The census reported that 696 people (98.9% of the population) lived in households, 8 (1.1%) lived in non-institutionalized group quarters, and no one was institutionalized.

There were 326 households, out of which 61 (18.7%) had children under the age of 18 living in them, 151 (46.3%) were married-couple households, 18 (5.5%) were cohabiting couple households, 85 (26.1%) had a female householder with no partner present, and 72 (22.1%) had a male householder with no partner present. 127 households (39.0%) were one person, and 76 (23.3%) were one person aged 65 or older. The average household size was 2.13. There were 177 families (54.3% of all households).

The age distribution was 99 people (14.1%) under the age of 18, 43 people (6.1%) aged 18 to 24, 126 people (17.9%) aged 25 to 44, 206 people (29.3%) aged 45 to 64, and 230 people (32.7%) who were 65 years of age or older. The median age was 56.6 years. For every 100 females, there were 110.1 males.
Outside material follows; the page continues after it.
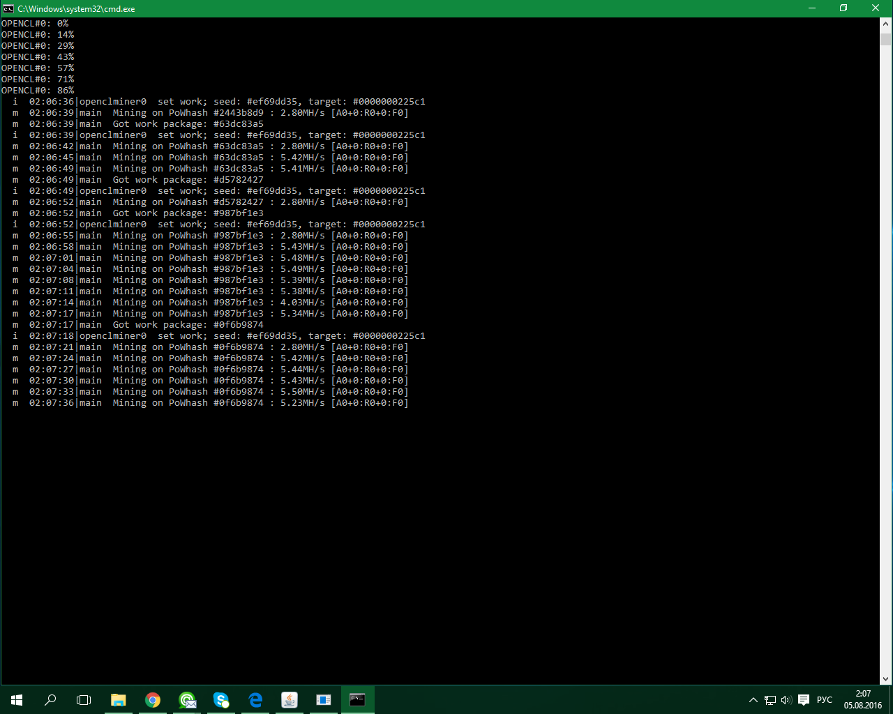 АLександr RТрунов: Это какая же встроенная видюха или проц дадут 5М скорости на эфире? Думаю, просто слишком быстро скрин сделал. Скорость должна вырасти через 2-3 минуты. Разогрев. Но, думаю, выше 7-8 не будет.

There were 426 housing units at an average density of 35.1 /mi2, of which 326 (76.5%) were occupied. Of these, 238 (73.0%) were owner-occupied, and 88 (27.0%) were occupied by renters.

Historical population
| Census | Pop. | Note | %± |
| 2010 | 721 |  | — |
| 2020 | 704 |  | −2.4% |
U.S. Decennial Census 2010

==Education==
Walker is served by the Eastern Sierra Unified School District for grades PK-12.